Last week the telluric social explosion that Peru is incubating reached its higher point when strikes and popular protests against Alan García’s government virtually paralyzed all departments and big cities on the country.

Nobody should be surprised. It was totally foregone. But it surely has taken aback both García and his pals, unable on their arrogance to gauge the socially irreversible uneasiness that they have sowed. It is just not possible to make fun of people as local oligarchy, imperialism and their servants in Peru have been doing for so long without paying for the consequences.

During the last decades Peruvians have experienced a very traumatic social process. Their historical conquests have been snatched from them one by one, including the national usufruct* of their most important natural resources – a usufruct that was achieved by the nationalist and extremely paternalistic military government of Velasco Alvarado. It must be said: the notable advances then reached on sovereignty, independence and social justice could not be explained without the social sensibility that the most radical generals had acquired. But this sensibility was due to the impact made upon their conscience by the heroic popular struggle they were ordered to repress, as the most honest and patriotic from them recognized.

The recent protests not only shine for their mass-scale and extension but for having been able to articulate multiple local struggles for peasants demands, construction of roads, defence of environment and other social issues, with regional labour strikes and entire cities taken over by nonconformists who often blocked freeways and took over airports, rail terminals and buses. The protests were agglutinated by the combative schoolteachers union’s general strike against the approval of a Bill intended to privatize education and also by strikes by miners, textile workers and departmental contingents from Peru’s Central General of Workers against the prevailing labour slavery: working days of twelve and fourteen hours without a Sunday rest, wages of hunger and terrible work conditions. The rejection of ALCA, promoted by García behind the nation’s back – so betraying one more of his campaign promises in abject genuflexion before George W. Bush – was an omnipresent factor during the strike.

Workers and peasants, together with dissimilar popular detachments, have been a decisive factor on the events with the support of both left-wing parties and Ollanta Humala’s Partido Nacionalista Peruano (Peruvian Nationalist Party). This announces promissory unitary perspectives to the cycle of struggles now open in the Andean nation, especially if they succeed in coordinating on a large front.

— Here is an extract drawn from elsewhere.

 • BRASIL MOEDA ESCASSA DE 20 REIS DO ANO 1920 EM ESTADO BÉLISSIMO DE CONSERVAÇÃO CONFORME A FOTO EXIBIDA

The rebellion’s detonating factors have been García’s failure to keep his electoral promises, his subordination to both transnational capital and the US as well as the existing obscene social inequality – while at the same time the government proclaims the success of economic growth – an 8 percent in 2006. The addition of votes obtained in 2006 by García and Humala during the second electoral round shows that a majority of electorate reject the neo-liberal model. In fact García had recognized that “it [the neoliberal model] has gone as far as it could go” and that it was necessary to change it, although once he hold office he has deepened it.

For years Peruvians have been suffering a mountain of offences, intensified by the corrupt, submissive and repressive Fujimori Administration, which happily sold off public companies and granted the most advantageous conditions to foreign investments. President Toledo followed later the same path. He, Fujimori and García were all demagogic and mendacious when they promised everything to the people during their electoral campaigns.

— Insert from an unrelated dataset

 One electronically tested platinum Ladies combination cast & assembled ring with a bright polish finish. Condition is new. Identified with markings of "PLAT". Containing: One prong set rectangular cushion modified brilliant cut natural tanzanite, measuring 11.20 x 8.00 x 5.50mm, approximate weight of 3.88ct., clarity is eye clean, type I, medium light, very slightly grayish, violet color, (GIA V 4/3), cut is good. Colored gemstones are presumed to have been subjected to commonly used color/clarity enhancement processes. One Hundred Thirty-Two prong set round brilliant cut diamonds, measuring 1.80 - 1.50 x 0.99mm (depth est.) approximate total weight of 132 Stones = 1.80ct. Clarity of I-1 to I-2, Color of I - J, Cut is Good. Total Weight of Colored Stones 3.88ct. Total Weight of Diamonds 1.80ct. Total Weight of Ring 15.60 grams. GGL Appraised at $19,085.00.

It is obvious that regarding García, people have reached the point of no return. It is confirmed by the message alert Peruvians have just sent him before the end of his first year in office. After his election I wrote the following:

“He is committed to Washington … so no one should expect … more than neo-liberal continuity … and most probable he won’t be able to finish his mandate as he will be toppled … by a people’s coup.”

I now maintain what I then said and I make it extensive to several pro-Yankee Latin American governments, from Rio Grande to Patagonia.

Note from the author:

*Huayco (from Quechua language): avalanche of material on the hillsides swept along by the water down the bottom of the valleys, entombing everything.

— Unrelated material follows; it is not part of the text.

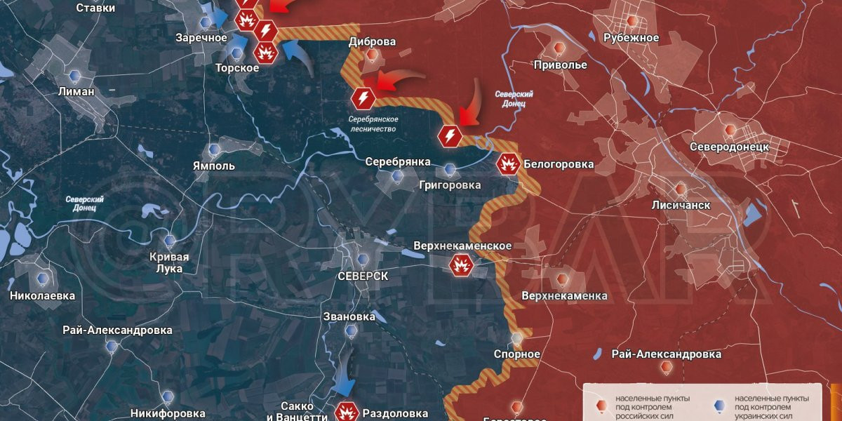 ВСУ начали контрнаступление под Кременной на Краснолиманском участке фронта. По словам Архангела Спецназа, российские позиции на Торском выступе атакуют силами шести бригад ВСУ.

*Usufruct: “the right of enjoying all the advantages derivable from the use of something that belongs to another, as far as is compatible with the substance of the thing not being destroyed or injured.” (

© Copyright 2007 by

Please note: Reprints of this translation may be published on the condition that the author and original source (Axis of Logic) be cited. We also ask that the article appear without modification, linked to the original source. Thank you!

About the author: Angel Guerra Cabrera is a leading Cuban journalist who regularly appears on La Jornada (Mexico).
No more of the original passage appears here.